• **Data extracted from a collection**

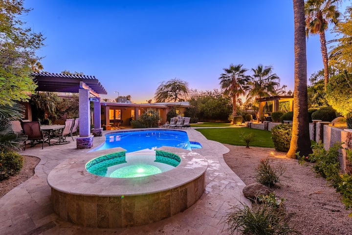 Make your Scottsdale getaway unforgettable with this luxurious, four-bedroom home, offering an incredible backyard area with a massive, furnished patio, private pool, outdoor dining, firepit, pool table, and more. Revel in tasteful opulence with this resort-style rental. Stay entertained with multiple flatscreens throughout, cable, and free WiFi. Feed your crew with meals from the full kitchen or the outdoor grill, and stay on top of the laundry with the private washer/dryer.
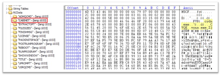 A CAB (Cabinet) file is a compressed archive file format that is often used to compress and package multiple files into a single file for distribution or installation. A CAB file in the resource section of a PE file can be used for various purposes such as storing additional program files or data, including language-specific resources, or compressing and storing commonly used resources to reduce the size of the executable.
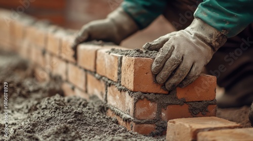 Mason laying bricks for a garden wall with precise alignment. Featuring craftsmanship and durability
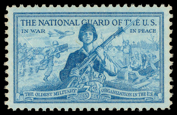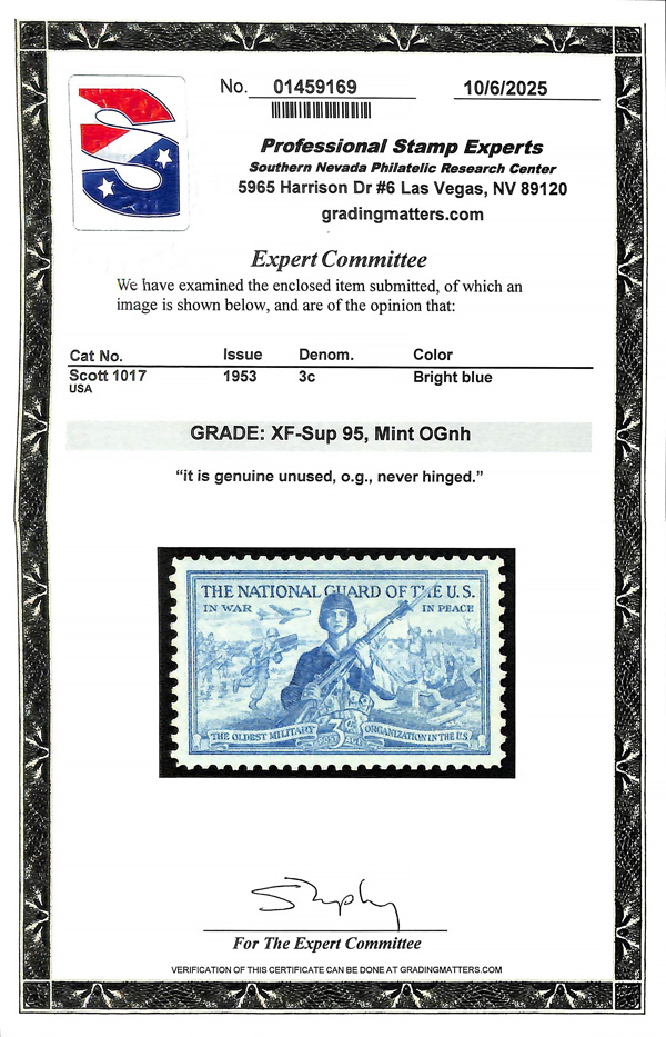 7332 nh 1017 image1953, 3¢ National Guard (Scott 1017), o.g., never hinged, Extremely Fine to Superb, with 2025 P.S.E. certificate graded XF-SUP 95.
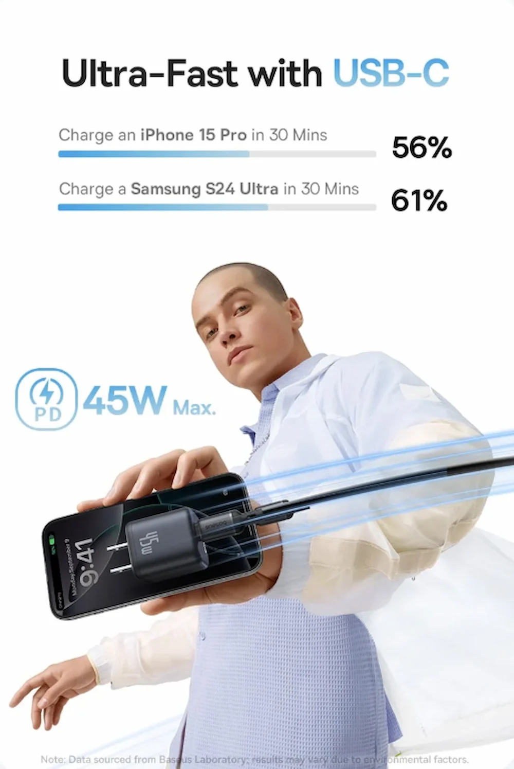 میسازد. توان 45 وات امکان شارژ سریع گوشیها، تبلتها و برخی لپتاپهای سبک
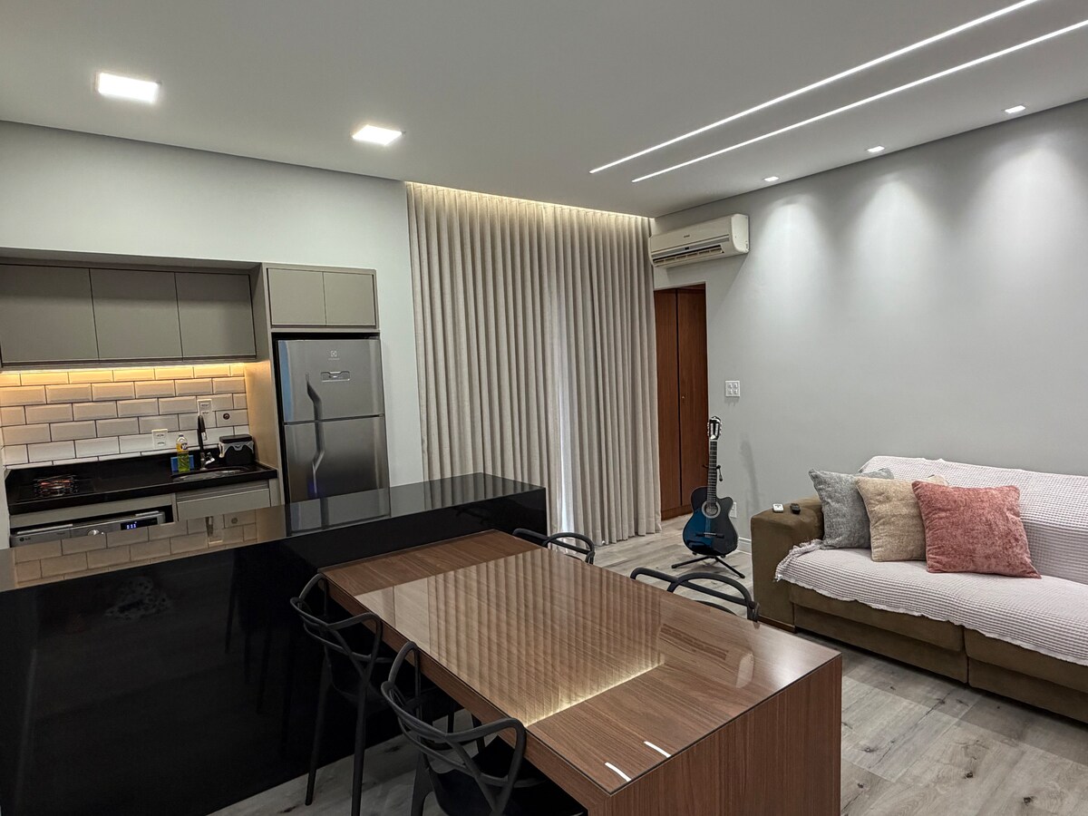 Nowy, dobrze wyposażony, dobrze wyposażony apartament, zadaszone miejsce parkingowe z windą! Położony w zamkniętej dzielnicy Praça da Savassi, łatwy dostęp do centrum miasta, w pobliżu Shopping Pátio Savassi i innych sklepów. Został niedawno umeblowany, aby przyjmować wymagających i gustownych klientów! 120Mg Wi-Fi Małe mieszkanie z salonem, połączoną kuchnią i apartamentem z szafą.
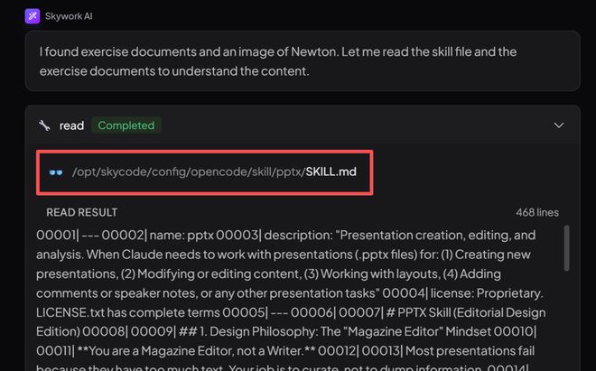 举个栗子,输入「帮我把这两份文档对比一下,做一个带图表的汇报PPT」时,Skywork会自动调用「文档读取」、「数据分析」和「PPT生成」这三个Skills组合。
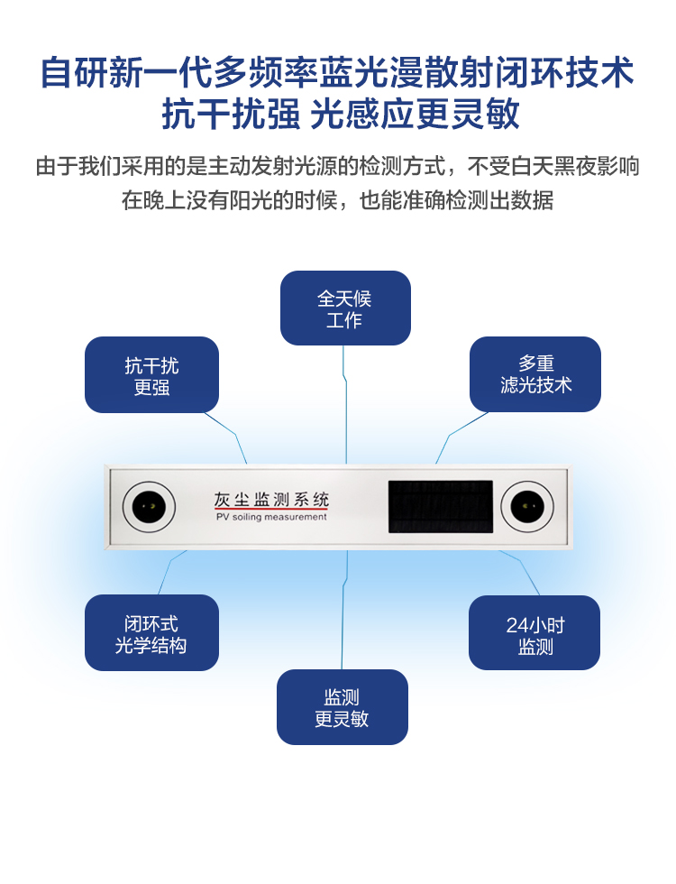LC-HC1灰塵監(jiān)測(cè)系統(tǒng)主要用于太陽(yáng)能發(fā)電場(chǎng)的光伏陣列中,安裝在光伏板的框架上。該系統(tǒng)能夠?qū)崟r(shí)監(jiān)測(cè)電站表面的灰塵積累情況,通過(guò)智能化數(shù)據(jù)分析,為電站清潔維護(hù)提供科學(xué)依據(jù)。適用于各類規(guī)模的光伏電站,無(wú)論是大型集中式還是分布式電站,都能有效提升電站發(fā)電效率,降低運(yùn)維成本,是光伏行業(yè)不可或缺的智能管理工具。
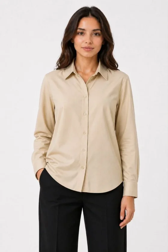 Uzun Kol Gömlek Düğmeli Klasik Yaka Günlük Ve Ofis Şıklığına Uygun – Bej
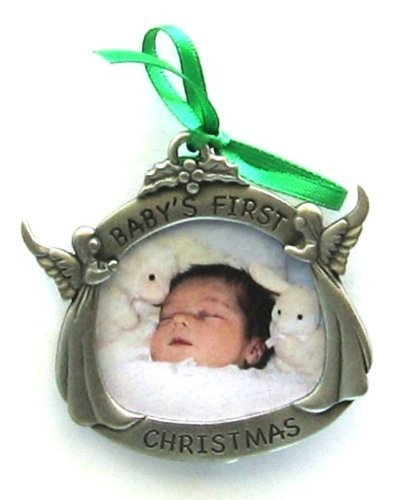Gift Boxed - Pewter BABY'S First 1st CHRISTMAS Photo ORNAMENT - 2 KEEPSAKE - Christening SHOWER Gift [並行輸入品]
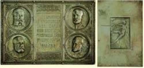 "CAPSA FAMILY COMMEMORATIVE PLAQUE". Silvered bronze plaque 1912 by Fr. Storck, 82 x 55 mm. Obv. Four busts in four medallions with members of the Capsa family, in the centre: "ÎN AMINTIREA ÎNTEMEIETORILOR CASEI CAPSA SOCIETATEA PERSONALULUI CASEI GRIGORE 1852 - 1912". Rv. The goddess Fortuna with cornucopiae. Buz. p. 260

• **Exercise directions**
Each line above starting at the one holding "7332 nh 1017" and ending at the one holding "میسازد. توان 45" should be set down exactly as it stands, both ends included, with no pictures.

• **Solution to this exercise**
 7332 nh 1017 image1953, 3¢ National Guard (Scott 1017), o.g., never hinged, Extremely Fine to Superb, with 2025 P.S.E. certificate graded XF-SUP 95.
 میسازد. توان 45 وات امکان شارژ سریع گوشیها، تبلتها و برخی لپتاپهای سبک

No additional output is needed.